The Effect of Shutting Down International Travels

Face-to-face interactions are a key component of knowledge transfer. Learning-by-doing, imitation, and tutoring are necessary tools for the acquisition of tacit knowledge: everything you need to know that cannot be encoded in a tool or in a manual. If you want to create something, the best way to do so is to be in direct contact with the people who can already do it. The proof is in business travels. Why would businesses spend a fortune — 1 trillion dollars in 2017 — to send their employees around the world ignoring the fact that we’re living in a telecommunication golden era? Because remote meetings don’t work.
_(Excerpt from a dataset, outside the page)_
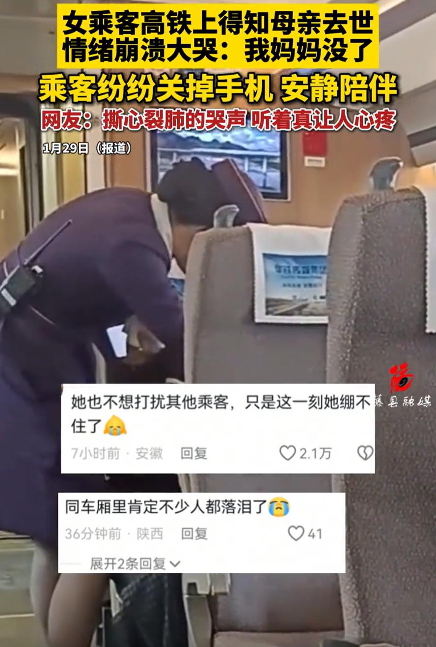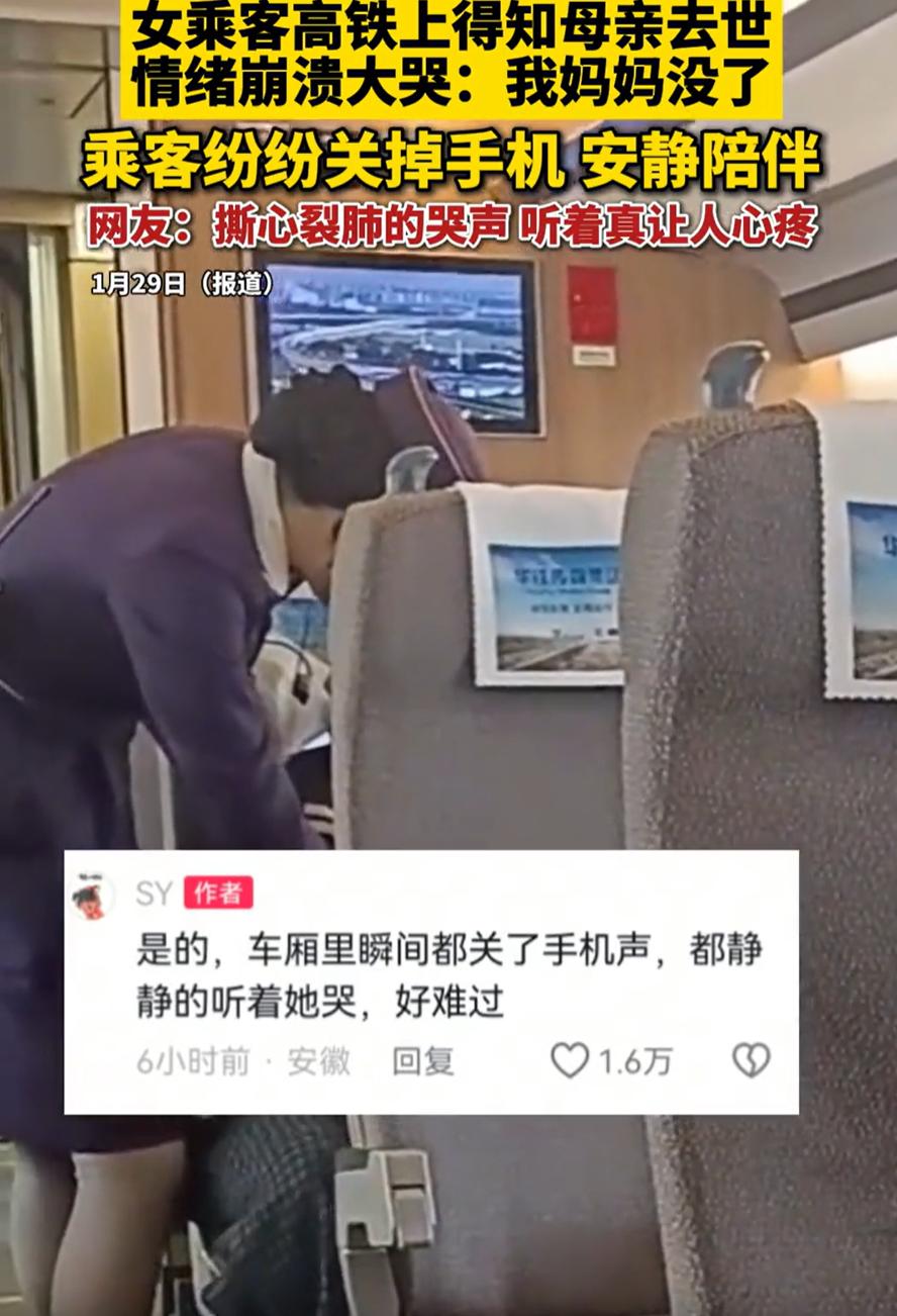 破防了!安徽,高铁车厢里,一名女乘客突然接到家里打来的电话,对方告诉她一个噩耗:妈妈走了!女子听到消息后,在车厢中突然情绪崩溃大哭起来,而同车厢的乘客也是不约而同的关掉手机,安静陪伴 视频中,当时车厢里原本有低低的交谈声,手机外放的短视频声,列车运行规律的轰鸣声。一位女乘客接了个电话,挂断后突然放声大哭,边哭边喊着,我妈妈没了。那声音里的绝望,瞬间穿透了整个车厢 周围原本在看手机的乘客,一个个默默关掉了屏幕。没有人说话,没有人抱怨,整个车厢陷入一种克制的安静里。只有她的哭声在持续,还有列车员走过来轻声安抚的声音 看到这一幕,不少网友也是感同身受 有网友说:我刚出来工作时,得知爷爷去世,我在客车上哭了一路,那时候只有悲痛只有泪水不在乎别人的眼光,觉得车开的太慢了 还有网友说:隔着屏幕,我眼泪都情不自禁,失去至亲之痛,透彻心扉,经历过的都知道有多痛 我们其实都明白,成年人的生活里,连崩溃往往都是要挑时间和地点的。能在公众场合这样不顾一切地哭出来,那一定是真的撑不住了。而周围那些陌生人的反应,没有围观,没有议论,只是安静地陪着,这种无言的体谅,恰恰是冰冷时刻最珍贵的一点暖意 生活有时候就是这样,不会提前打招呼。能做的,只有在还能抱的时候多抱一会儿,在还能说话的时候多说几句,也在别人最脆弱的时刻,给一点空间,给一点理解。哪怕只是关掉手机,安静坐着,对当事人来说,已经很重要了

There are no substitutes for direct interactions. We cannot do without them. Except now we are forced to. So what’s the effect of shutting down international travels?

This is a question I set out to answer together with Frank Neffke and Ricardo Hausmann in the paper “Knowledge Diffusion in the Network of International Business Travel“, which has been published on Nature Human Behaviour. Of course, none of us took the hypothetical “international travel screeching to a halt” scenario seriously: we’re not precogs, it was merely an academic thought experiment. I must have, at some point, accidentally knocked over the lever that switched from simulation to reality. Oops.

We wanted to understand the effect of business travel on the development of new industrial activities in the countries receiving them. We did so by partnering with the MasterCard Center for Inclusive Growth, which provided access to aggregated and anonymized data based on foreign corporate card expenditures. The data allowed us to see how many corporate-issued spending cards were observed making transactions abroad in the 2011-2016 period. If a corporate card issued in Mexico made an expenditure in Colombia we can infer that it was due to a business travel — after some important data cleaning steps.*

Our problem was that we needed to gauge how many travelers from an industry reached a country, but we only had information about the country of origin. We solved this with a simple mathematical trick. We just assumed that the industries of a country were all equally likely to send out business travelers. Thus, if 20% of firms in Japan are car manufacturing plants, then 20% of business travelers from Japan are associated with the car manufacturing industry. This is rather naive and probably wrong — some industries are more likely to send travelers. But — if anything — this would dampen our results: we’re confident that, if we see any signal, that would actually be an underestimation of what’s really going on.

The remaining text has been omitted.